– Позабыл! И меня ты тоже позабыл на целых три дня и три ночи. Почему? За что ты на меня разозлился, когда я повела речь о туане Абдулле в те дни, когда мы жили у ручья? Ты, должно быть, о ком-то вспомнил. О ком-то в том краю, откуда ты приехал. У тебя змеиный язык. Ты белый, и в твоем сердце много обмана. Я это знаю. И все равно не могу не верить, когда ты говоришь мне о своей любви. Но мне страшно!
Ее горячность ласкала самолюбие и раздражала Виллемса в равной мере. Поэтому он сказал:
– Ну теперь-то я с тобой. Я же вернулся. И, кстати, ты первая сбежала.
– Когда ты поможешь Абдулле победить Раджу Лаута, главного серди белых людей, я перестану бояться, – прошептала Аисса.
– Если я говорю тебе, что у меня нет другой женщины, что мне не о чем сожалеть и что я вспоминаю только о своих врагах, ты должна мне верить.
– Откуда ты приехал? – порывисто, безо всякой связи спросила она страстным шепотом. – Что это за страна по ту сторону великого моря, откуда ты приехал?
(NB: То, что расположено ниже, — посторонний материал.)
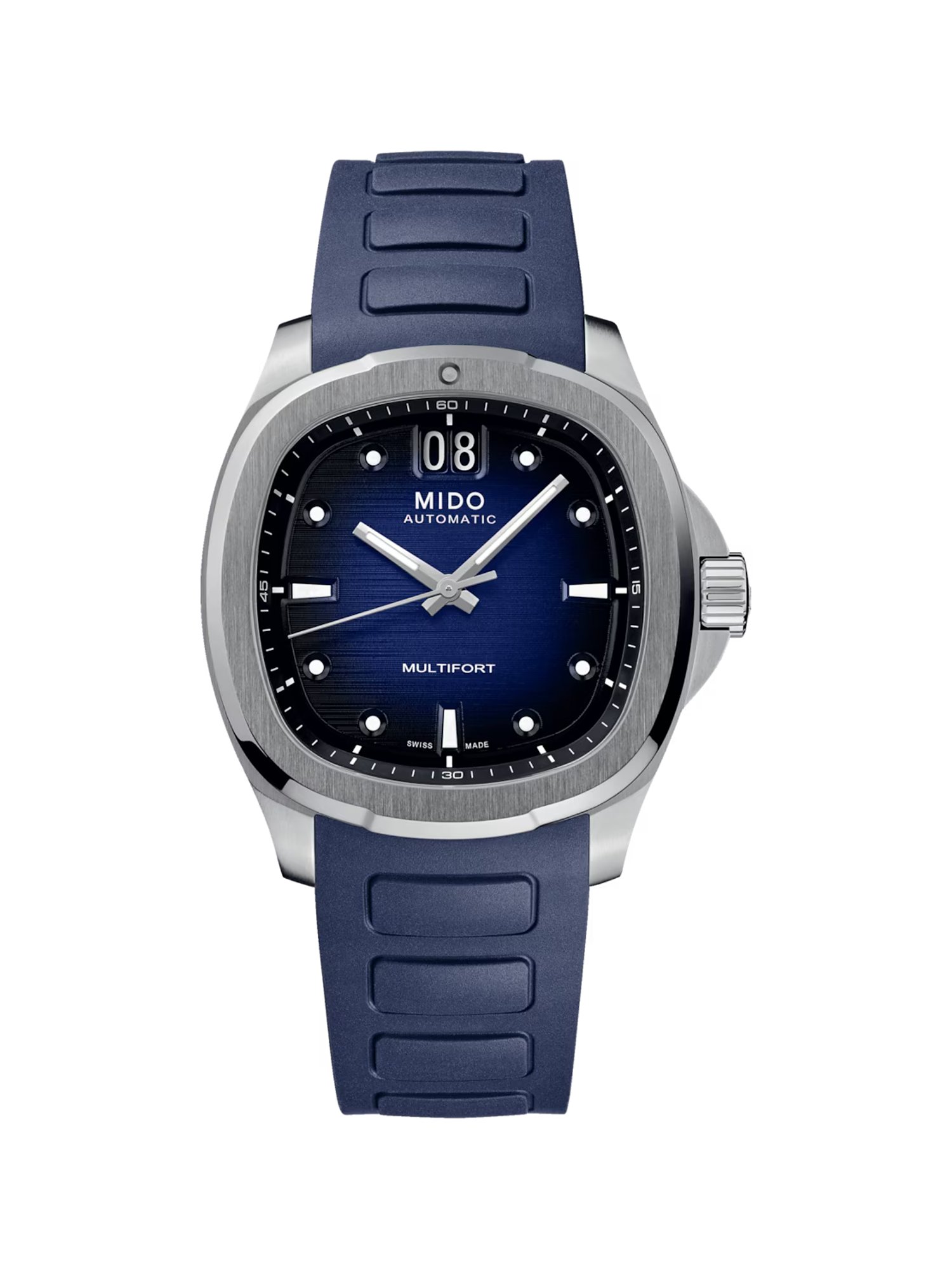 Innovation, Ästhetik und Funktionalität – das sind die Werte, für die die Zeitmesser von Mido stehen. Mit ihrem klaren Design strahlt die Uhr eine elegante Ausstrahlung aus und wird zum echten Blickfang. Sollten Sie auf der Suche nach einem wahren Allrounder für den Alltag, das Business oder besondere Anlässe sein, ist die Herrenuhr Multifort genau die richtige Wahl für Sie. Ihr bedingungslos geschmackvolles Design passt sich spielerisch allen Looks an und verleiht jedem Outfit das gewisse Etwas. Das strapazierfähige, blaue Armband aus Kautschuk sorgt für zeitlosen Chic und angenehmen Tragekomfort. Das harmonisch in das Design eingegliederte blaue Zifferblatt garantiert jederzeit eine gute Ablesbarkeit, unterstützt von den Leuchtzeigern und Leuchtindizes. Diese Uhr ist nicht nur elegant, sondern auch äußerst praktisch: Sie zeigt Ihnen nicht nur die Uhrzeit, sondern auch das Datum an. Für den Schutz des Zifferblattes kommt der König der Uhrengläser zum Einsatz: Saphirglas. Dieses hochwertige Material ist nahezu unzerkratzbar und äußerst widerstandsfähig. Zudem ist Saphirglas praktisch immun gegen Stöße und Schläge. Das Eta-Automatikwerk bietet Ihnen ein zuverlässiges und präzises Uhrwerk. Der bewegliche Rotor wird durch Ihre täglichen Bewegungen angetrieben, sodass kein manuelles Aufziehen erforderlich ist. Mit einer beeindruckenden Gangreserve von 80 Stunden sorgt die Uhr auch dann für leistungsfähiges Durchhaltevermögen, wenn sie einmal längere Zeit nicht getragen wird. Durch das Sichtfenster im Gehäuseboden erhalten Sie spannende Einblicke in das Innere der Uhr. Wasserdicht bis 10 bar ist diese Uhr Ihr idealer Begleiter im Alltag und bei Abenteuern: Sogar Schwimmen ist unbesorgt möglich! Die Dornschließe verspricht Ihnen nicht nur sicheren Halt, sondern auch eine gute Verstellbarkeit.

Это страна лжи и коварства, она приносит одни невзгоды всем, чья кожа не белого цвета. Разве ты поначалу не просил меня уехать туда с тобой? Вот почему я убежала.
– Я больше никогда тебя об этом не попрошу.
– И тебя там не ждет другая женщина?
– Нет! – твердо ответил Виллемс.
Аисса склонилась над ним, приблизив губы к его лицу, длинные волосы скользнули по его щеке.
– Ты научил меня любить, как это делает твой народ, чей отец шайтан, – пробормотала она, наклоняясь еще ниже. – Так правильно?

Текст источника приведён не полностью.